──────── Materials provided

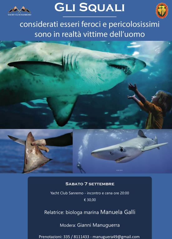 Lo Yacht Club Sanremo e la Famija Sanremasca hanno ospitato sabato 7 settembre la Biologa marina e docente Manuela Galli ad una cena-conferenza con argomento 'Gli Squali - considerati esseri feroci e pericolosissimo sono in realtà vittime dell’uomo'.
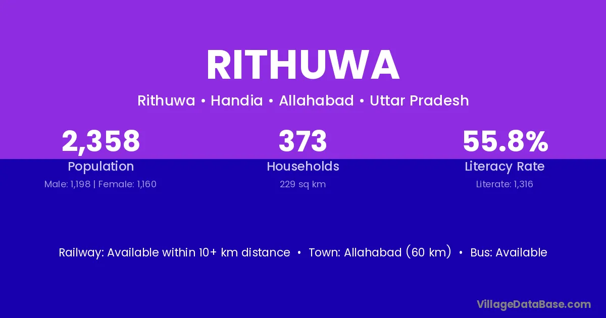 Allahabad (60 km) is the nearest town to Rithuwa village for major economic activities and is located approximately 60 km away.
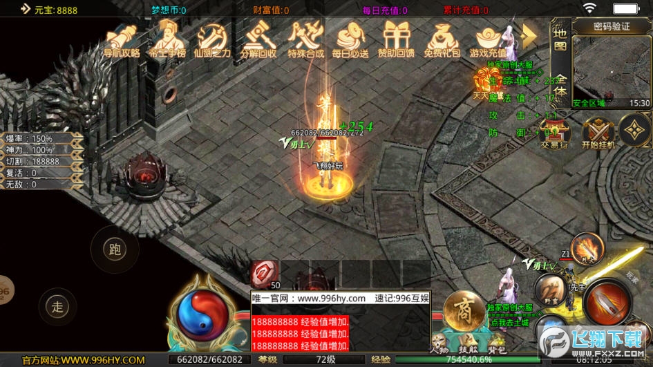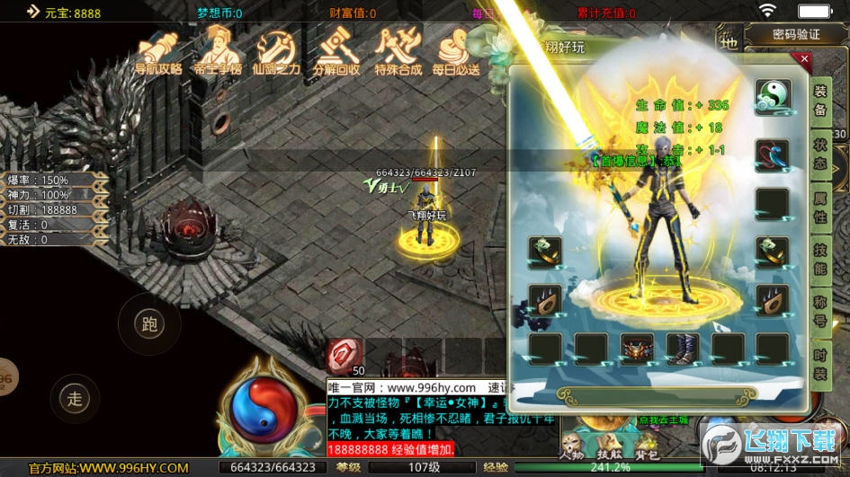 2、本服充值货币怪物都能爆出,散人有时间也可以全部免费获得,领完回馈送的货币优先升级切割,转生,称号,攻速等,基本上一路通杀,装备好打的很。
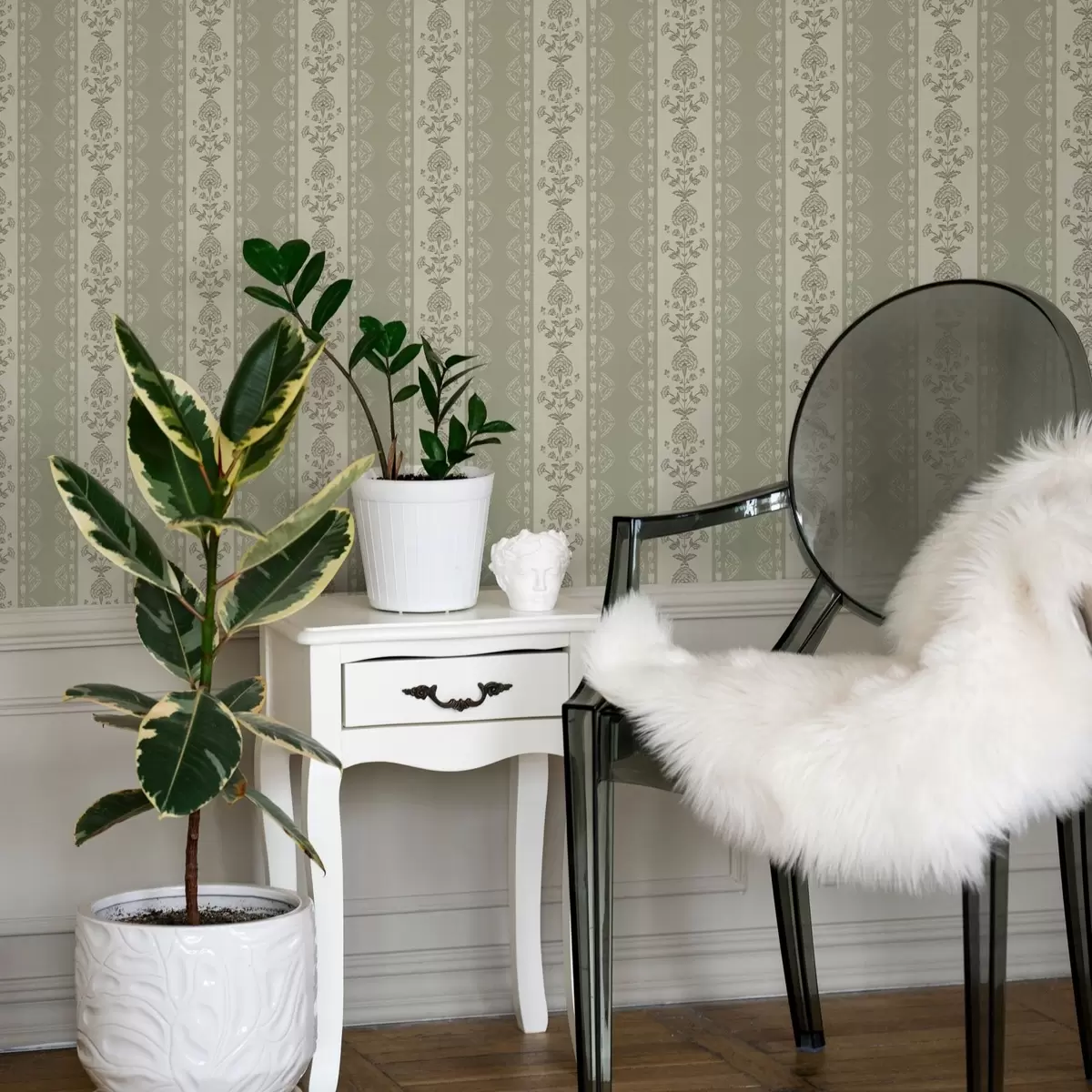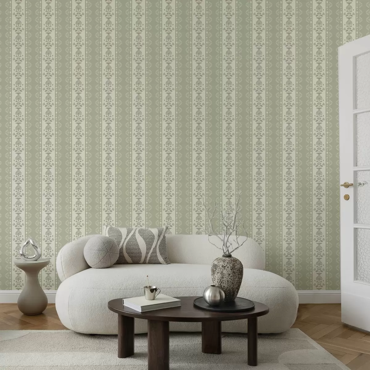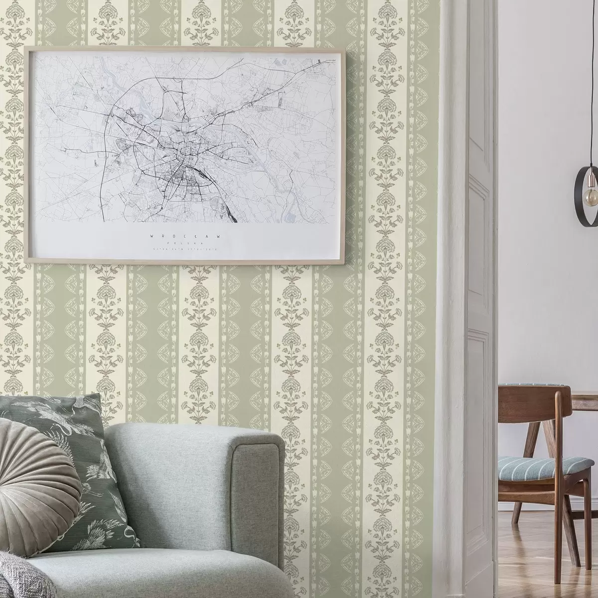 Carta da parati Ornamento a strisce con colonne floreali nei toni del salvia Nr. a00719
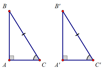 + Nếu cạnh huyền và một góc nhọn của tam giác vuông này bằng cạnh huyền và một góc nhọn của tam giác vuông kia thì hai tam giác đó bằng nhau
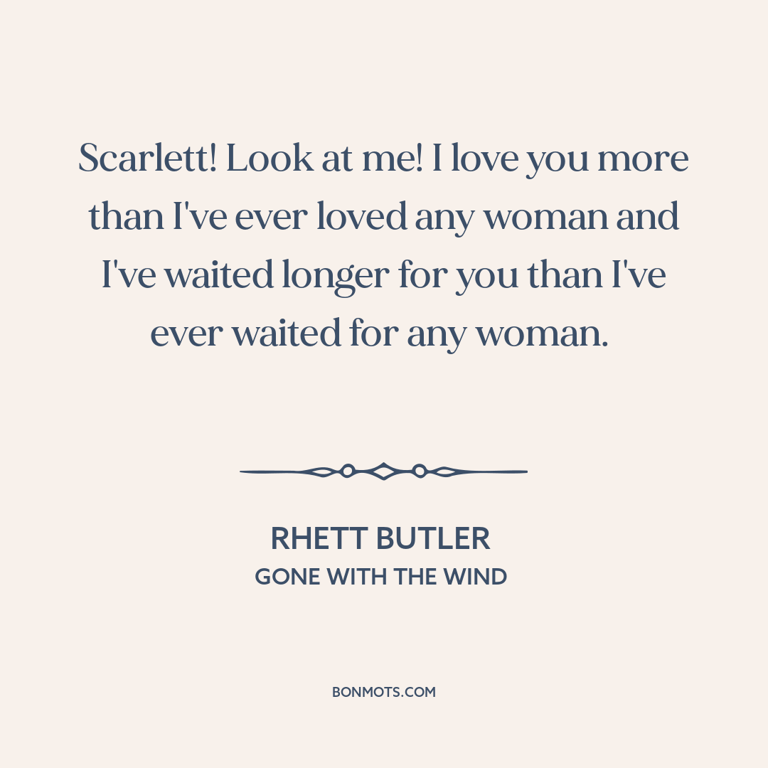 Scarlett! Look at me! I love you more than I've ever loved any woman and I've waited longer for you than I've ever waited for any woman.
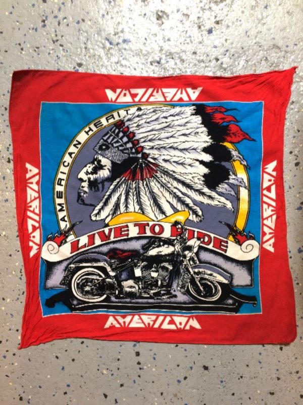 Bandana, square shape, epic American Heritage, Live To Ride, chief profile with headdress and motorcycle, red/white/blue/yellow/black, size one size
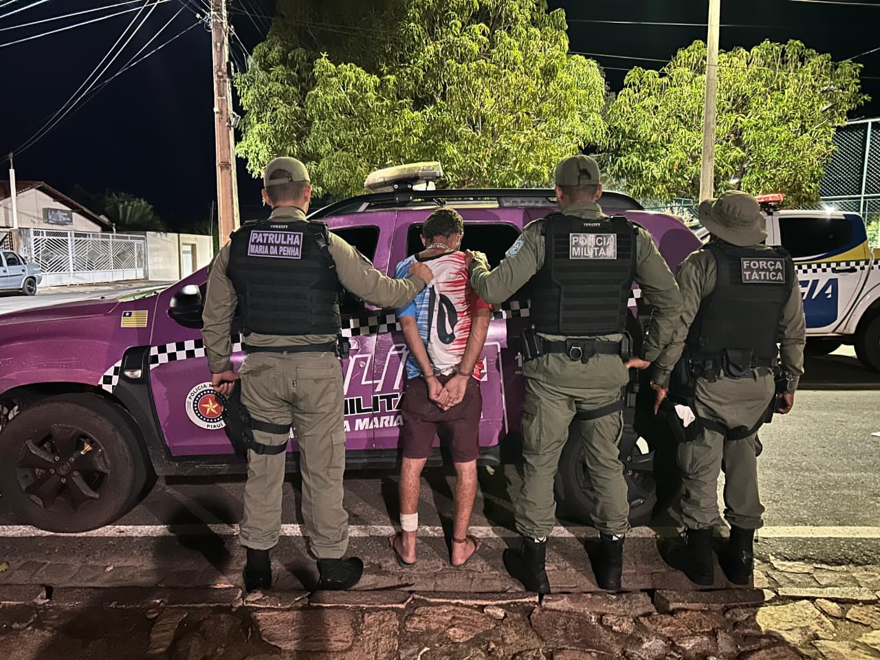 Durante as buscas, os policiais localizaram o homem escondido na residência do próprio pai. Ao perceber a aproximação das equipes, ele tentou fugir pulando o muro do imóvel, mas foi rapidamente contido.
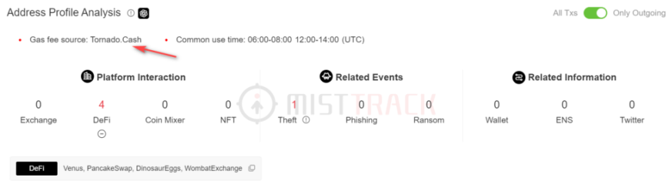 黑客初始资金来自 Tornado Cash 转入的 0.098 BNB,且使用过 Venus, PancakeSwap, DinosaurEggs, WombatExchange:

────────────────

Task description
Only the text of the records belongs in the answer, printed exactly and without pictures.

Response area
 Lo Yacht Club Sanremo e la Famija Sanremasca hanno ospitato sabato 7 settembre la Biologa marina e docente Manuela Galli ad una cena-conferenza con argomento 'Gli Squali - considerati esseri feroci e pericolosissimo sono in realtà vittime dell’uomo'.
 Allahabad (60 km) is the nearest town to Rithuwa village for major economic activities and is located approximately 60 km away.
 2、本服充值货币怪物都能爆出,散人有时间也可以全部免费获得,领完回馈送的货币优先升级切割,转生,称号,攻速等,基本上一路通杀,装备好打的很。
 Carta da parati Ornamento a strisce con colonne floreali nei toni del salvia Nr. a00719
 + Nếu cạnh huyền và một góc nhọn của tam giác vuông này bằng cạnh huyền và một góc nhọn của tam giác vuông kia thì hai tam giác đó bằng nhau
 Scarlett! Look at me! I love you more than I've ever loved any woman and I've waited longer for you than I've ever waited for any woman.
 Bandana, square shape, epic American Heritage, Live To Ride, chief profile with headdress and motorcycle, red/white/blue/yellow/black, size one size
 Durante as buscas, os policiais localizaram o homem escondido na residência do próprio pai. Ao perceber a aproximação das equipes, ele tentou fugir pulando o muro do imóvel, mas foi rapidamente contido.
 黑客初始资金来自 Tornado Cash 转入的 0.098 BNB,且使用过 Venus, PancakeSwap, DinosaurEggs, WombatExchange:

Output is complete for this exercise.